## [DATA EXCERPT]
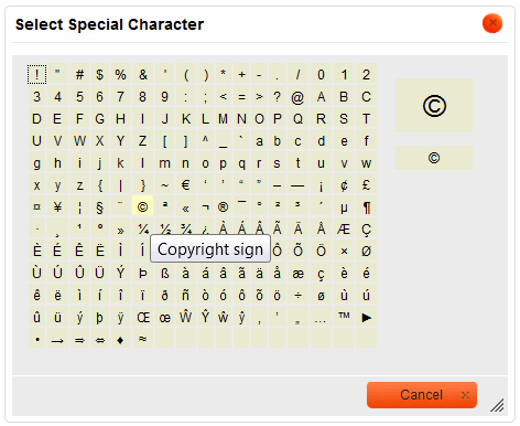 Find a character that you need in the set and select it with your mouse or the Tab key. The dialog window will close automatically and the special character will appear in Text Editor editing area on the position of the cursor in the document.
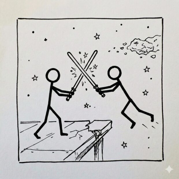 Great. How about another square image like that but it’s a lightsaber battle between stick figure 1 and stick figure 2
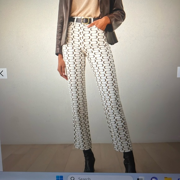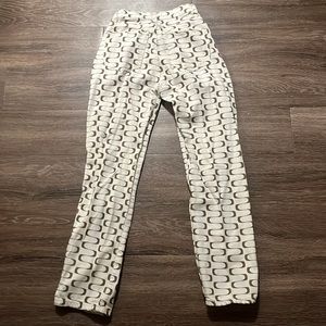 Cute white jeans with brown squiggle details. Runs closeish to size but would say these fit more like a 25. These have been worn only twice and in great condition. Very soft denim fabric and flattering on body.

## [TASK INSTRUCTIONS]
The answer must consist solely of the lines from the one with "Great. How about" through the final line of the data, each reproduced exactly and with pictures omitted.

## [SOLUTION BELOW]
 Great. How about another square image like that but it’s a lightsaber battle between stick figure 1 and stick figure 2
 Cute white jeans with brown squiggle details. Runs closeish to size but would say these fit more like a 25. These have been worn only twice and in great condition. Very soft denim fabric and flattering on body.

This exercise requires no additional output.